One good think of MF room is that many people have been there and have posted their opinions on its sound quality - it is not an unknown space for many of us.

BTW, Larry Marcus put MAXX-3s (IIRC) in a hotel room at RMAF with Doshi electronics and got damn good sound.

I just love how some people here know it all and have such little regard for Mikey (and most reviewers) and think he is an total idiot. Give him some credit, given his many years as a reviewer. Do you think he's so retarded as to:

1) Put a speaker in his room that wouldn't work?
2) Wouldn't check with Wilson before hand? (eg. see Steve W.'s move)
3) Wilson/Peter McGrath wouldn't have set them up optimally?

I think people should as Dre J suggests, reserve judgement until they hear a room. As Microstrip averred, there are rooms that should sound good that don't too. All I know, is that acousticians are only as good as their last room. No one seems to remember those absolutely horrific LEDE rooms created by those brilliant acousticians that measured well and sounded like dreck?
 
MF makes my room look neat, that's pretty bad.

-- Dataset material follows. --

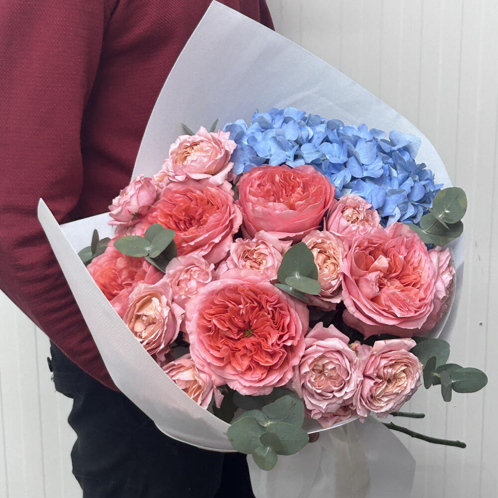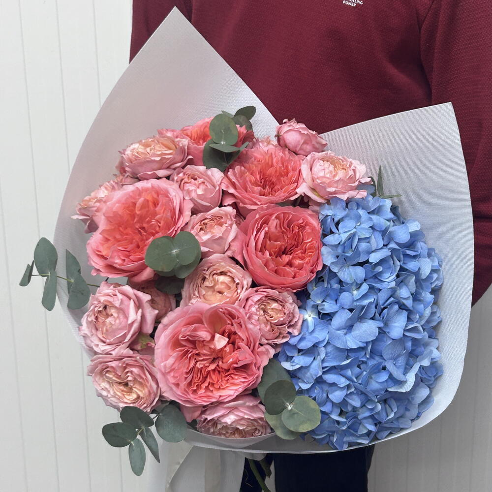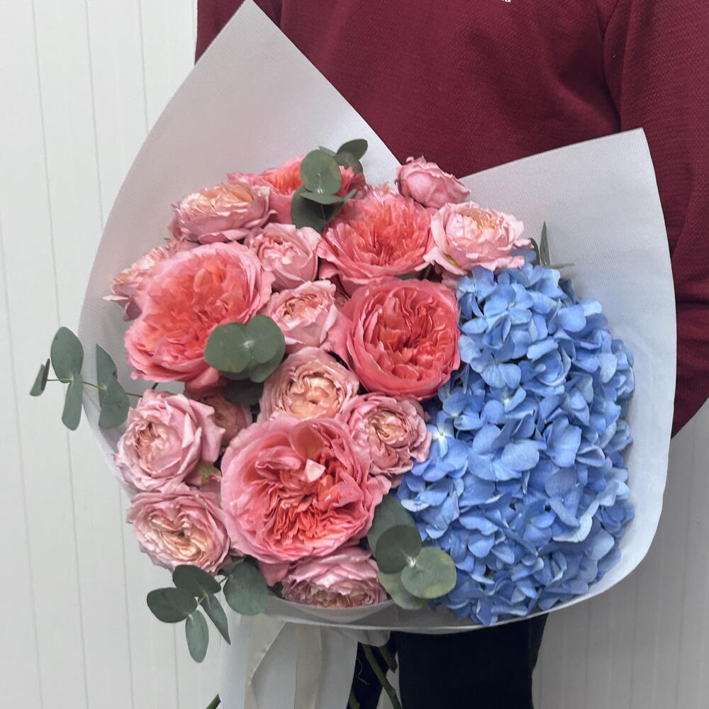 hydrangea blue - 1 pcs wrapping paper - 4 pcs pink expression - 5 pcs eulcyptus - 4 pcs julietta peach - 5 pcs

Once the music starts, though, it all disappears.
 
I think I've been pretty consistent in showing that most reviewers, including Fremer, have mediocre rooms. It's a joke to review $350,000 gear in such a crappy setup. Feel free to disagree all you want. I'm not likely to change my opinion.

Original statement


Latest comment


I think it's pretty clear there has been a shift in narrative and context from your original statement. It would have been much less a controversial comment if the first post would have been specific to your disapproval of in-room measurements in the power region of the low frequencies.

The issue with your original statement and even part of your changing narrative is the fact that you haven't listened to anything in that room regardless of the measured result of a few speakers.

I'm fully aware of the amplitude nonlinearities as measured for specific loudspeaker reviews in his room. However, that alone does not warrant, without some explanation IMO, such a bold original comment as post #3.

Am I to gather from the narrative shift that you have a problem with what? bass? and of his vinyl since analog seems to run as a subcontext in your posts on this thread?

Dre
 
I think I've been pretty consistent in showing that most reviewers, including Fremer, have mediocre rooms. It's a joke to review $350,000 gear in such a crappy setup. Feel free to disagree all you want. I'm not likely to change my opinion.

I think w/o actually hearing the setup, your opinion is hard to take seriously.